Marcus nodded, his fingers tight around his whiskey glass. "Congratulations. Anyone I know?"

"Bull shit," she laughed, but there was no humor in it. "You don't care, Marcus. You stopped caring the night you left."

Outside, lightning fractured the sky, illuminating the gauntness of her face. She looked older than thirty-two. So did he, probably. They were a matched pair of washed-up things, barely floating in the aftermath of their own wreckage.

"I didn't stop caring," Marcus said quietly. "I just couldn't watch you destroy yourself anymore."

"Destroy myself?" Elena's voice rose. "I was living, Marcus. I was actually living. Not like you — hiding in your apartment, writing those bullshit poems that nobody reads, pretending your emptiness is some kind of artistic statement."

The words hung between them, sharp and waiting. Marcus felt the old anger rise — the same anger that had driven him out the door all those years ago. But beneath it was something else, something softer and more terrible.
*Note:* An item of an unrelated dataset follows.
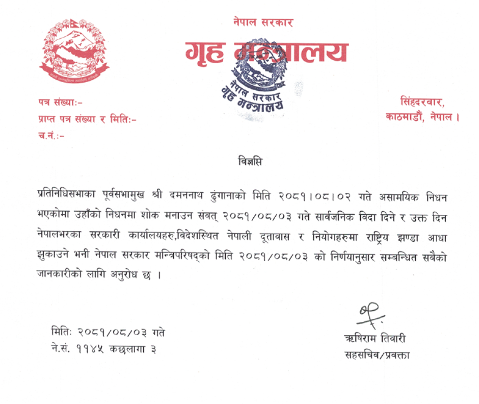 गृह मन्त्रालयसँग सम्बन्धित गुनासोका लागि सम्पर्क नम्बर
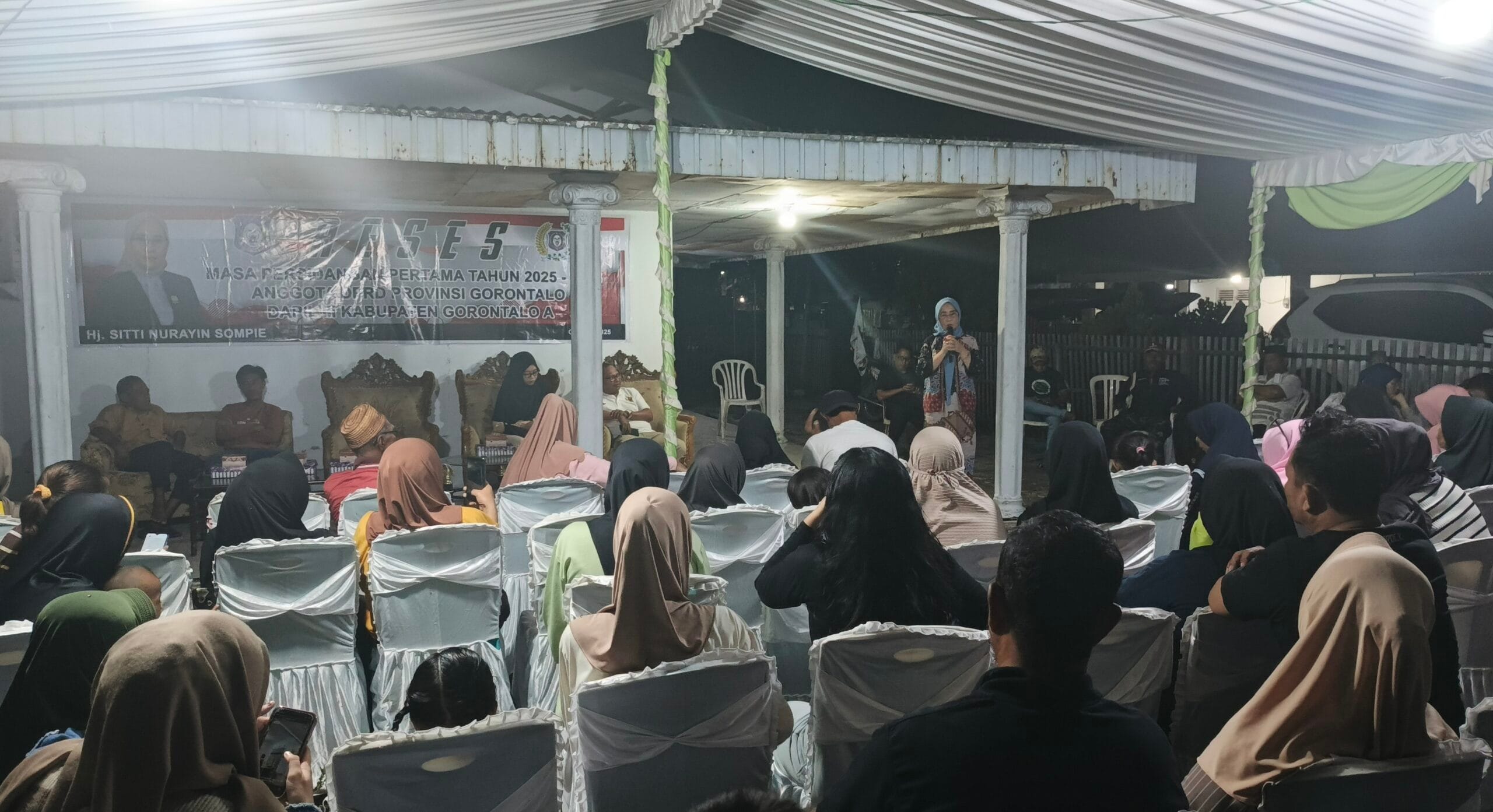 LIMBOTO — Anggota DPRD Provinsi Gorontalo dari Daerah Pemilihan (Dapil) Gorontalo III (Kabupaten Gorontalo A), Hj. Sitti Nurayin Sompie, melaksanakan reses masa persidangan pertama tahun 2025–2026 di Kelurahan Hutuo, Kecamatan Limboto, Selasa (22/10/2025).

She wasn't wrong. Not entirely.

"Why are you here, Elena?"

She slumped onto his sofa, suddenly deflated. "Because I thought... I don't know what I thought. Maybe that we'd changed. Maybe that some things could be different."

They sat in silence as the storm raged outside, water drumming against the windows like a heartbeat. Marcus remembered the way they'd once been — inseparable, brilliant, drunk on possibility. Before the jealousy, the betrayals, the slow erosion of everything they'd promised each other.
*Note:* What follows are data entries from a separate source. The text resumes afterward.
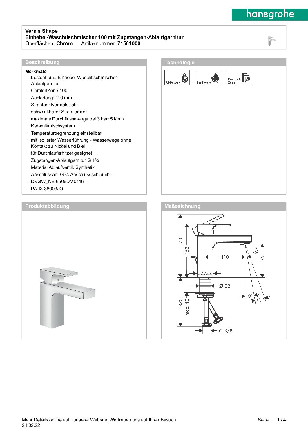 Waschtischmischer Hansgrohe 100 Vernis Shape Ausladung 110 mm chrom mit Zugstangen-Ablaufgarnitur
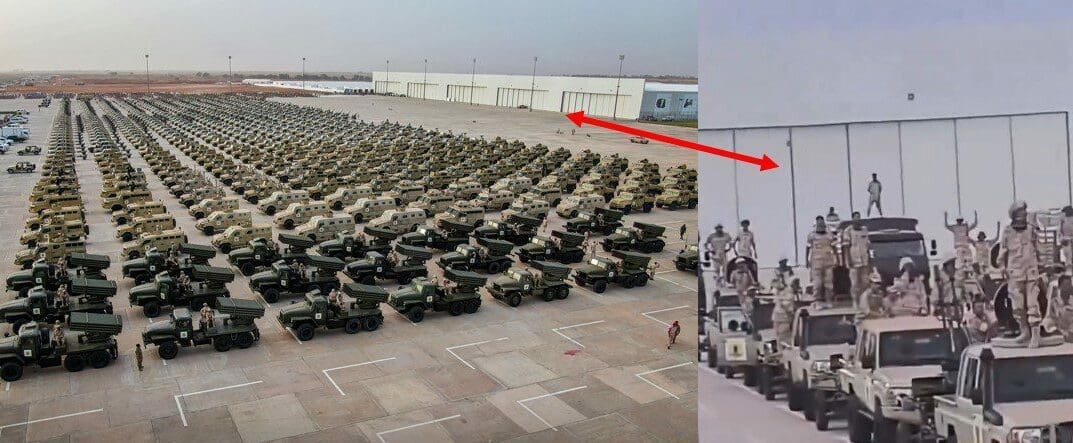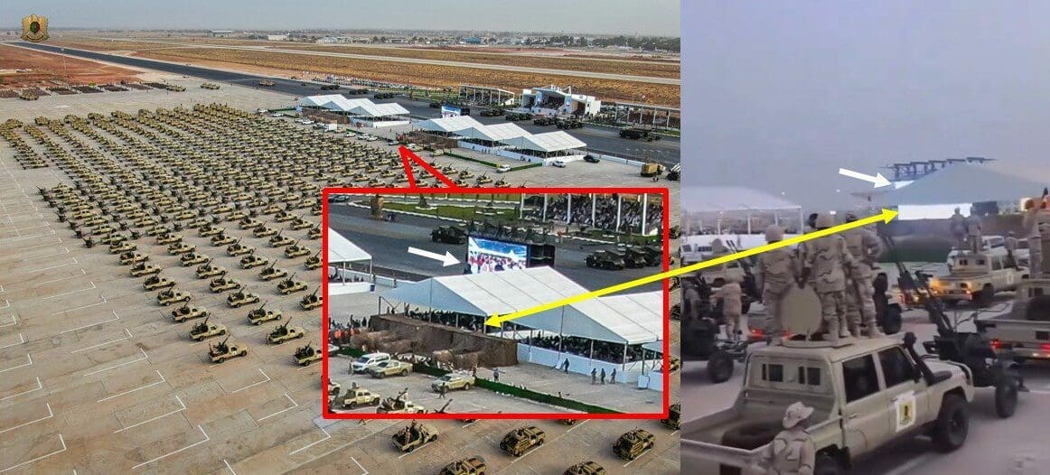 مطابقة لقطات من مقطع الادعاء (يمين) مع صور الاستعراض العسكري في مطار بنينا الدولي في ليبيا (يسار)
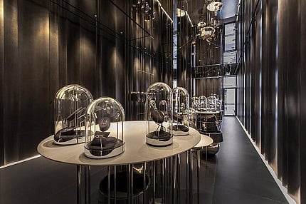 To showcase its collection of lab-grown diamond jewelry pieces, Âme engaged architecture studio Baranowitz + Kronenberg (B+K) to design the flagship store. Here, customers take a journey of exploration through rolled stainless steel curtained walls and suspended vertical rods. Each piece of jewelry is separately displayed beneath a sleek glass cloche on dark, polished concrete. The core concept of the Âme boutique is the consolidation of the past, present, and future, merging the historic architecture of New York City with a radical contemporary design. The boutique’s steel walls represent the shadows cast from undulating cast-iron facades found around the Lower Manhattan neighborhood. The duality of the historic architecture and cutting-edge modern reflects the very soul of Âme. Scent is also used to enhance the sensory experience, with an earthy and smoky fragrance, custom-made by British perfumer Azzi Glasser, wafting throughout the store. |
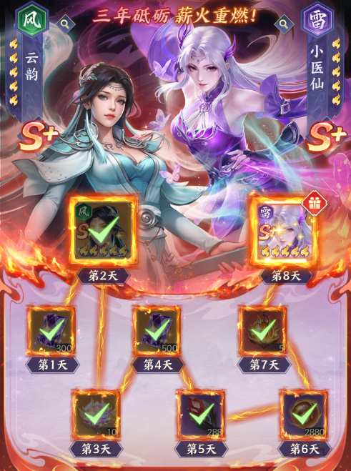 只需轻松签到八天,即可免费领取一位指定S+核心斗者!物理高伤,追击敌人于无形的云韵,核心辅助,群体治疗的小医仙,直接送给你!养成无忧,强力伙伴直接助力征途!
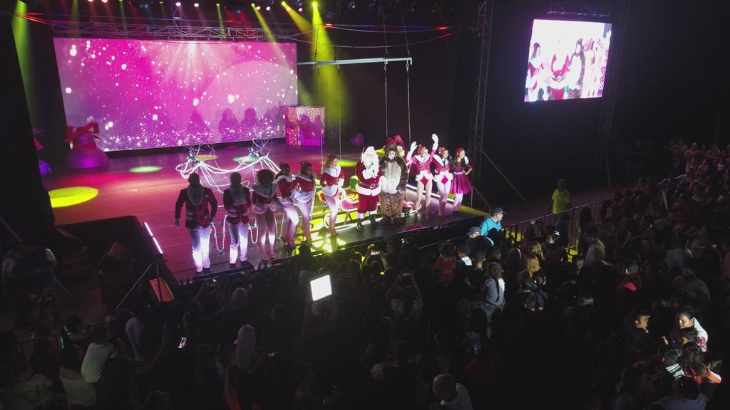 Antes de que Papá Noel hiciera delirar al público con su mágica llegada desde el aire, se puso en escena una historia del verdadero significado de la Navidad, dramatizada por personajes infantiles que jugaron con la imaginación, sobre todo de los niños.
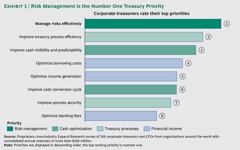 The heightened risk climate of the post-financial-crisis period means that senior management is paying much closer attention to treasury activities and liquidity management. Treasurers who participated in our survey reflected that heightened interest by ranking effective risk management as their number-one priority, followed by increasing process efficiency and improving cash visibility and predictability. As one treasurer stated, “My priority is to manage our day-to-day risks and advise senior management on the strategic decisions required to tackle them.” Survey results found treasurers negotiating a careful balancing act: how to put treasury risk management at the forefront—especially in light of growing fraud and security concerns—without disrupting cash optimization and cost reduction efforts. (See Exhibit 1.)
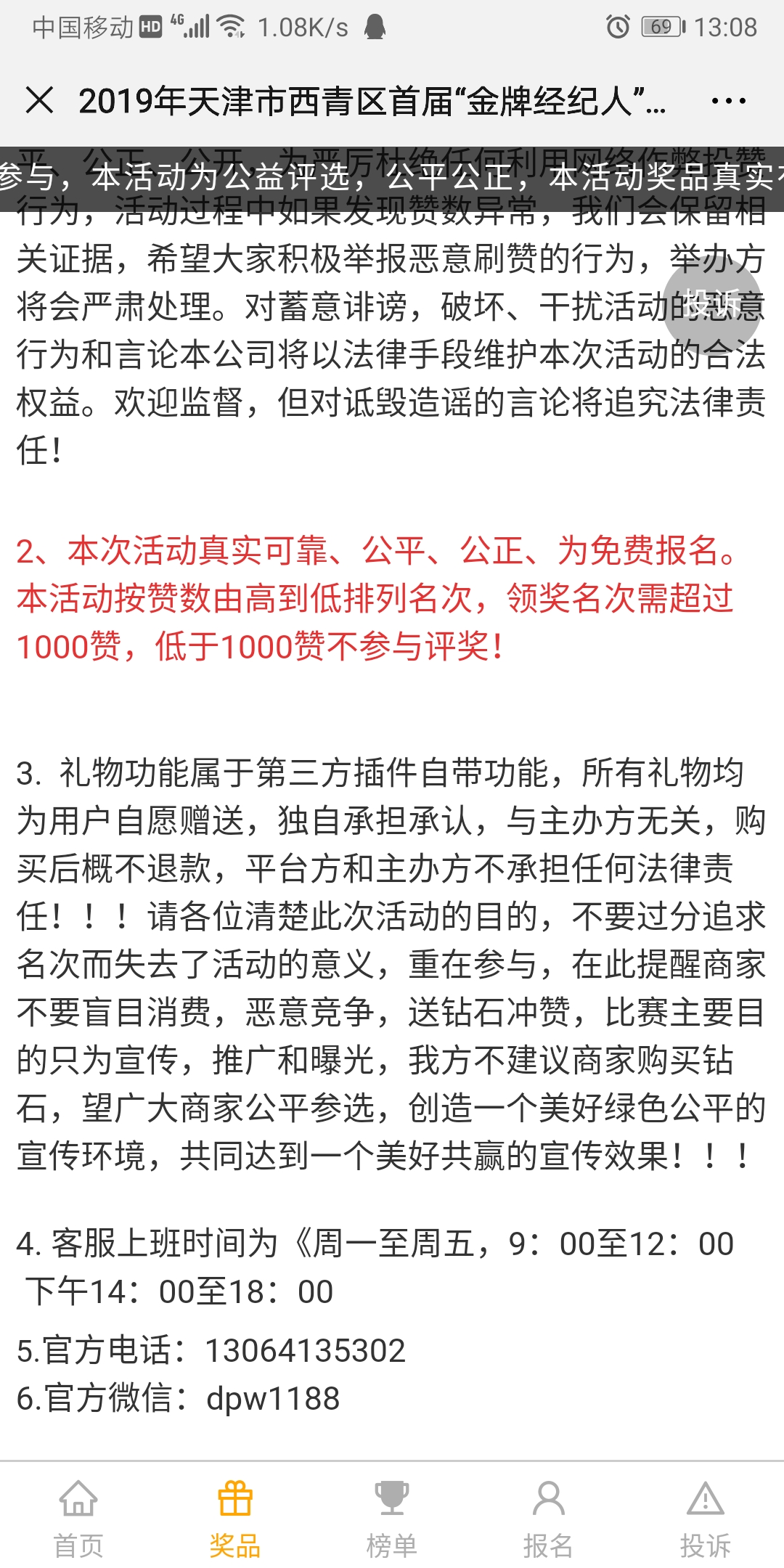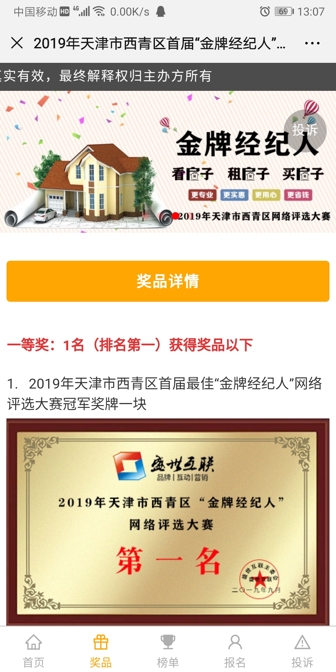 總經(jīng)理表示沒(méi)有發(fā)起這樣的活動(dòng),于是小編就回復(fù)給了這位朋友,從這位朋友這里得知,有一個(gè)天津房地產(chǎn)經(jīng)紀(jì)人評(píng)選投票活動(dòng),該投票鏈接獎(jiǎng)品頁(yè)的獎(jiǎng)狀采用的是我們盛世互聯(lián)的logo。

"Nothing changes," he said finally. "We just get older at it."

Elena stood up, her coat still wet. "You're probably right." She paused at the door. "For what it's worth, I did love you. In my way."

"In your way," Marcus repeated. "Not enough to stay."

"Not enough to be what you needed."

She left without another word, and Marcus watched her walk down the street, a small figure disappearing into the rain and lightning. He finished his whiskey and wondered, not for the first time, why some storms never really break — they just keep circling, forever waiting to fall.